After Dinner

3 February 2015 | 10:07 am | Dave Drayton

"It’s absolutely laugh-out-loud good fun."

Long before fully grown adult children justified the reckless amount of mason jars they consumed to celebrate the launch of their start-up with YOLO, in a place known as the 1980s, there was another license for licentious; YOYO: “You’re only young once.”

After Dinner both wholeheartedly embraces and playfully rejects that idea with Glenn Hazeldine, Anita Hegh, Rebecca Massey, Josh McConville and Helen Thomson frighteningly frocked up (Alicia Clements has designed this wonderfully, particularly Hegh’s outfit) for a Friday night at the local.

Andrew Bovell’s first play (written when he was just 21) never moves beyond this room, within which two sets of friends – three women and two men sharing between them a separation, a widowing, and all manner of other emotional maladies – collide.
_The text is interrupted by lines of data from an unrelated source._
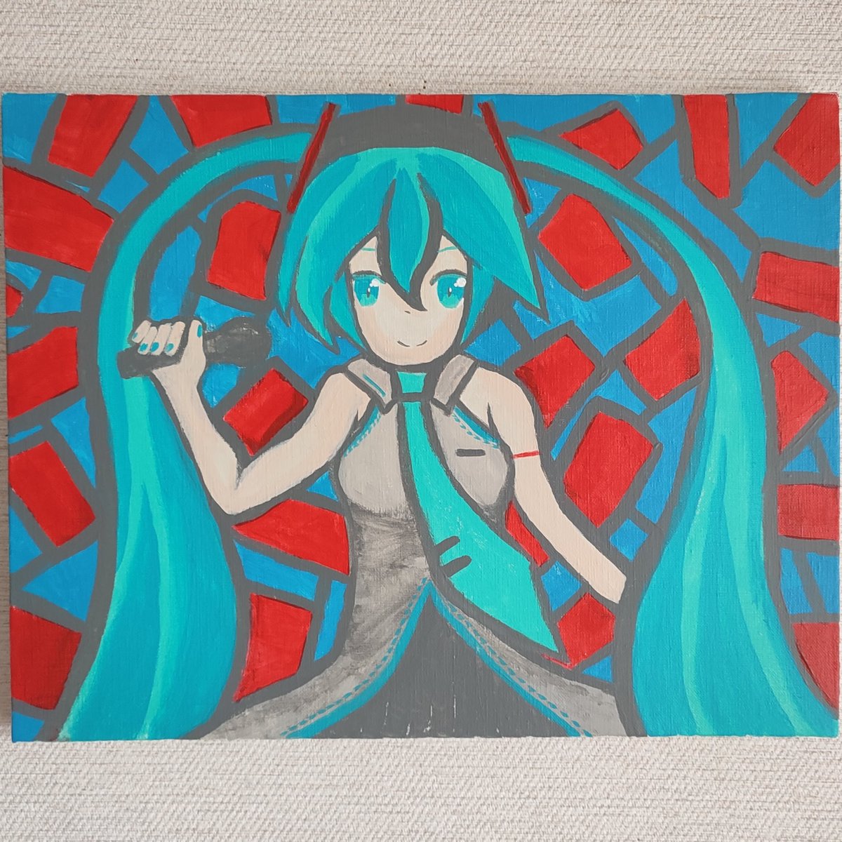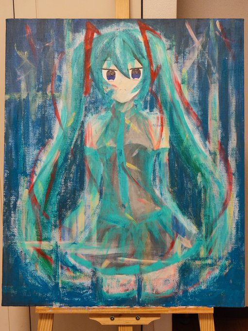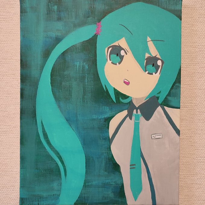 ミクさん F6キャンバス アクリル絵の具 #illust #illustration #art #paintings #美術 #芸術 #絵画 #イラスト #アナログ #初音ミク
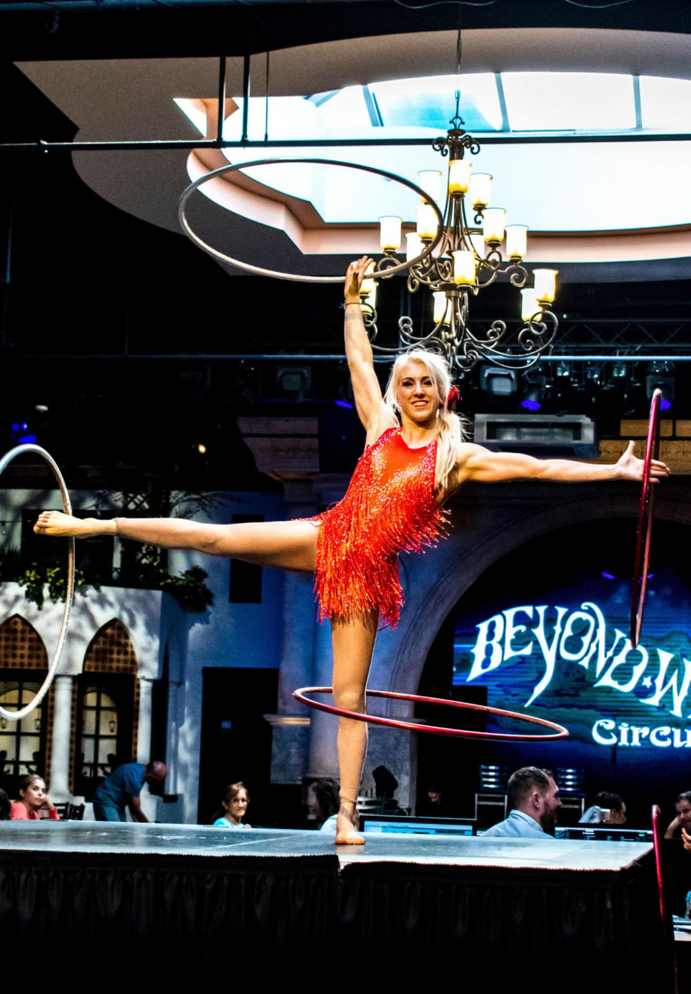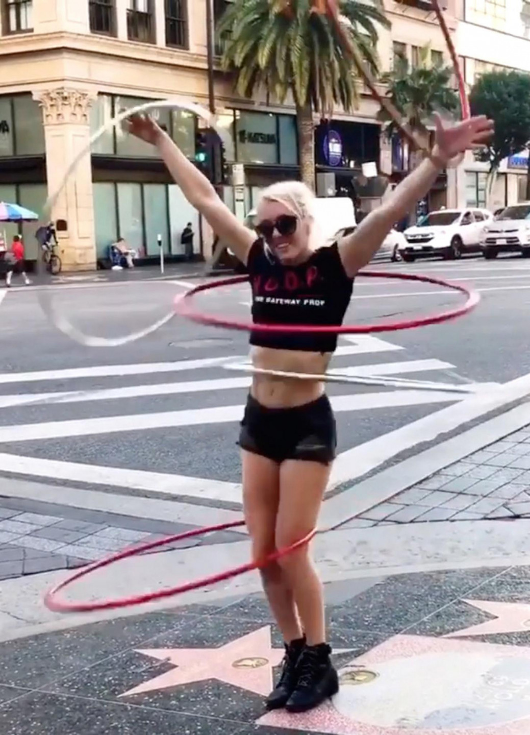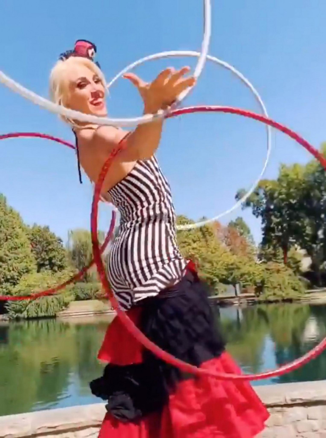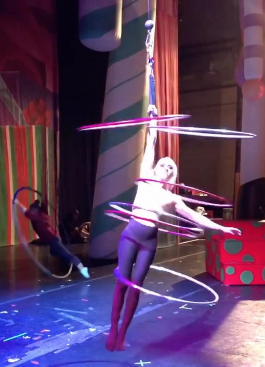 Re, cik veikli dāma spēj darboties ar vingrošanas rinķiem
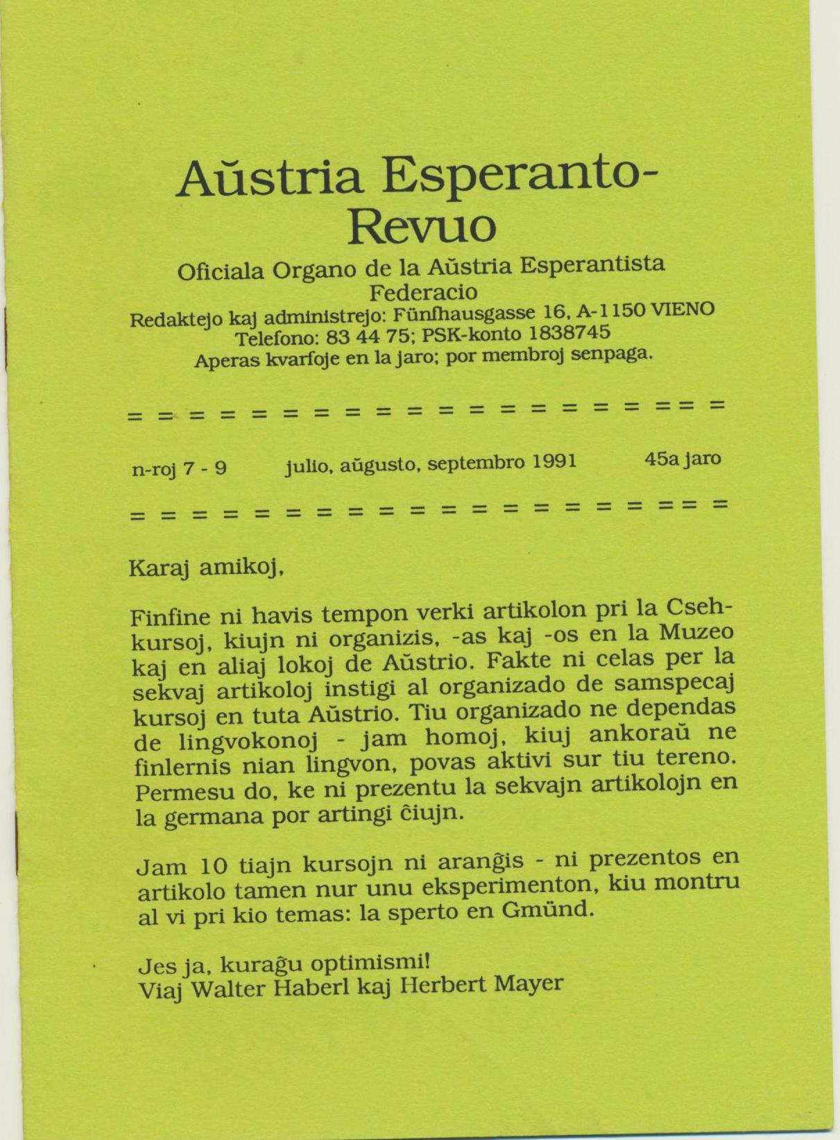 1991年《Austria Esperanto-Revuo》第7-9期
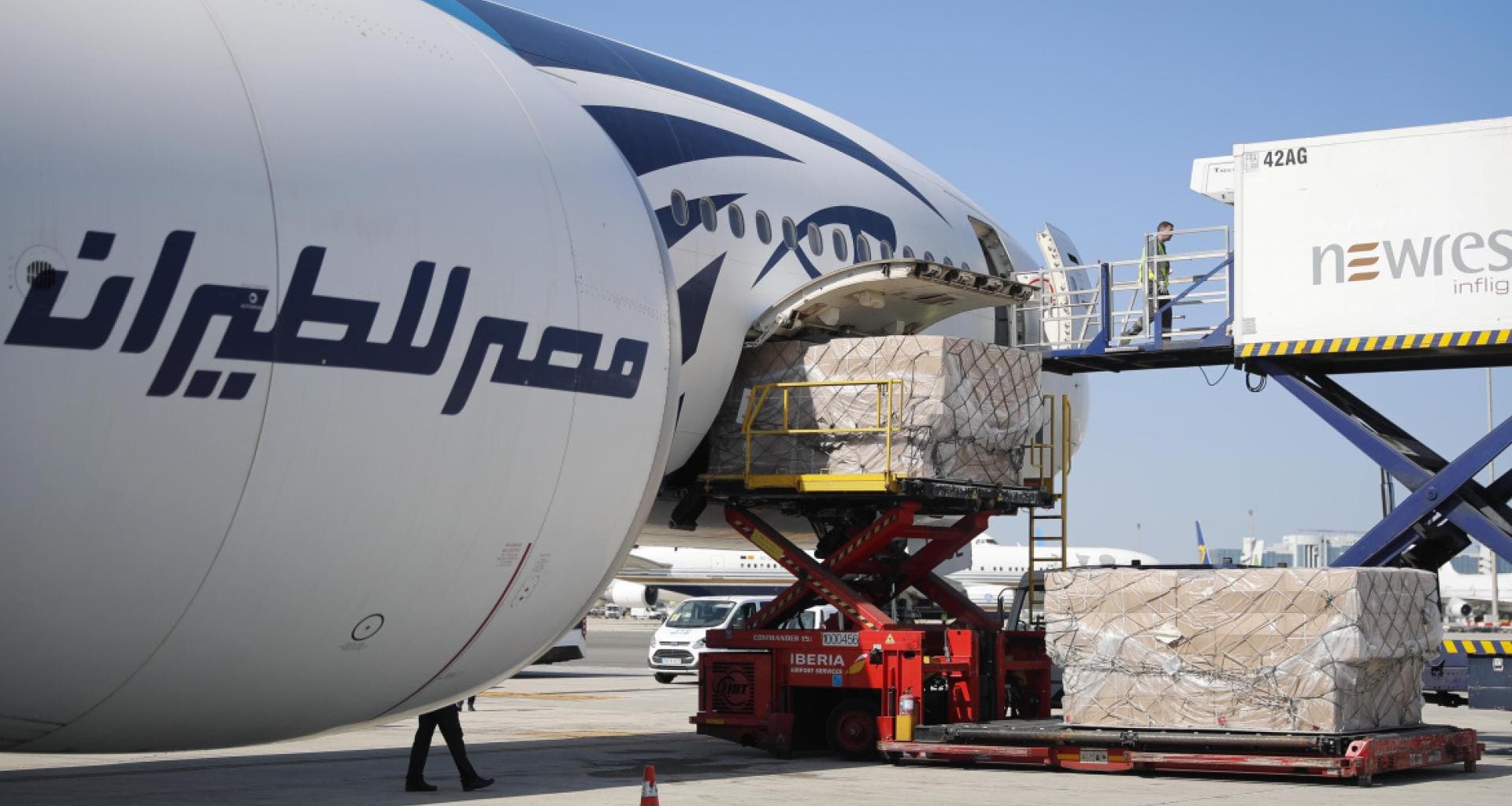 El avión que ha llegado hoy al Aeropuerto de Barajas, un Boeing 777, cargado con 30 toneladas, viene procedente de Shanghai (China), como los seis anteriores del último mes, aunque en este caso ha hecho escalada en El Cairo (Egipto). Se espera que a lo largo del fin de semana y principios de la que viene lleguen otros tres vuelos, también de China, con los que se alcanzarán los 7 primeros millones de mascarillas. En las últimas cinco semanas, el Gobierno madrileño ha sumado siete aviones, incluyendo el de hoy, y la próxima semana se alcanzarán un total de 10. Se han recibido hasta 469 toneladas en suministros por vía aérea para su uso por profesionales sanitarios en su trabajo diario con pacientes con coronavirus. Han venido con 20 millones de unidades entre mascarillas, trajes y gafas de protección, batas sanitarias o calzas, junto a otro tipo de material.
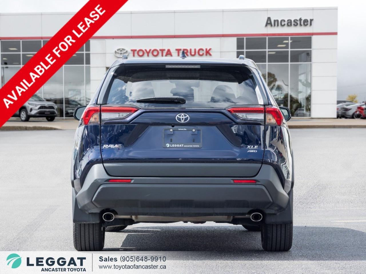 To give you peace of mind all our Leggat Used Car vehicles includes a 6 month/10,000 kms powertrain warranty with up to a $6,000 claim Take on every journey with confidence in the 2023 Toyota RAV4 XLE AWD, a refined SUV that blends practicality, comfort, and advanced technology. Finished in a Blueprint exterior that complements a Black leather interior, standing on a set of 19-inch alloy wheels. Beneath the hood, you will reveal a 2.5L 4-cylinder engine paired with an 8-speed automatic transmission and all-wheel drive, delivering both efficiency and capability in all conditions. Slide into the interior and be impressed to find features including heated front seats, power drivers seat, memory seats, navigation, dual-zone automatic climate control, push-button start, backup camera, sunroof, Apple CarPlay & Android Auto, Bluetooth connectivity, USB ports, cruise control, power windows and locks, 60/40 split-folding rear seats, and much more. Dont miss your chance to take home this 2023 Toyota RAV4 XLE AWD today! SCHEDULE A TEST DRIVE TODAY!With our No-Haggle, No-Hassle purchase experience you get peace of mind knowing our best price is upfront.1-Guaranteed Minimum 50% Remaining Tire Tread Life2-Guaranteed Minimum 50% Life Remaining on Brakes3-120 Point Safety Inspection4-Free Carfax Canada Vehicle History Report5-Complete Lube, Oil, & Filter Change6-Full Detailed Clean UpAncaster Toyota is the proud recipient of the latest, highest honour for Canadian Toyota Retailers, the Toyota President's Award for Excellence in Customer Satisfaction, Sales, and Service! We are serving Ancaster, Hamilton, Burlington, Dundas, Brantford, Stoney Creek, Grimsby, Oakville, Mississauga, Milton, Cambridge, Kitchener Waterloo, Cayuga, Caledonia, St. Catharines, Welland, Niagara and the entire GHA and GTA Finance Price Shown. The cash purchase price slightly exceeds the advertised finance price, as we receive incentives from banks when we finance vehicles, which we pass on to customers. Recognizing the high demand for vehicles, which can raise prices, we utilize these incentives to lower the finance purchase price. Dealer reserves the right to decline cash purchases (cash, bank draft, certified cheque, credit card payments in excess of $1,000) at its sole and exclusive discretion. For Finance and Lease purchases Dealer charges a $999 finance/lease fee. While every reasonable effort is made to ensure the accuracy of all information on this site, we are not responsible for any errors or omissions. Please verify any information in question with a dealership sales manager prior to purchase. See dealer for full details.
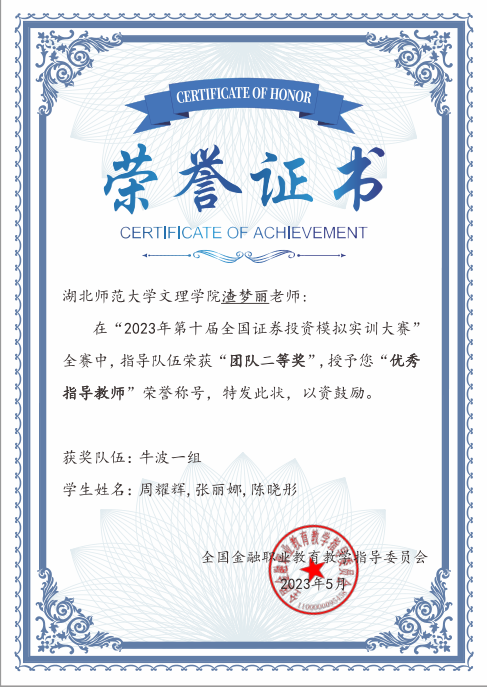 由全国金融职业教育教学指导委员会组织的2023年第十届全国证券投资模拟实训大赛在5月12日顺利结束。此次大赛是以证券业为背景,基于证券从业者所应具备的行业知识、基本业务技能及实操技能等设计的综合实训大赛。共有本科组296所院校的13711支队伍(每队三人),共41133人参赛,职教组226所院校的6500支队伍、19500人参赛。

The tight ensemble earn laughs revealing the impossibility of truly engaged conversation and the pressure and expectation of a large night out. Thomson is in her element: boisterous, big, and carelessly reckless, she recounts one of the night’s escapades played out of stage like a true barfly bard.

It’s absolutely laugh-out-loud good fun, but the sombre silences almost missed throughout the night resonate once the crowd has dissipated.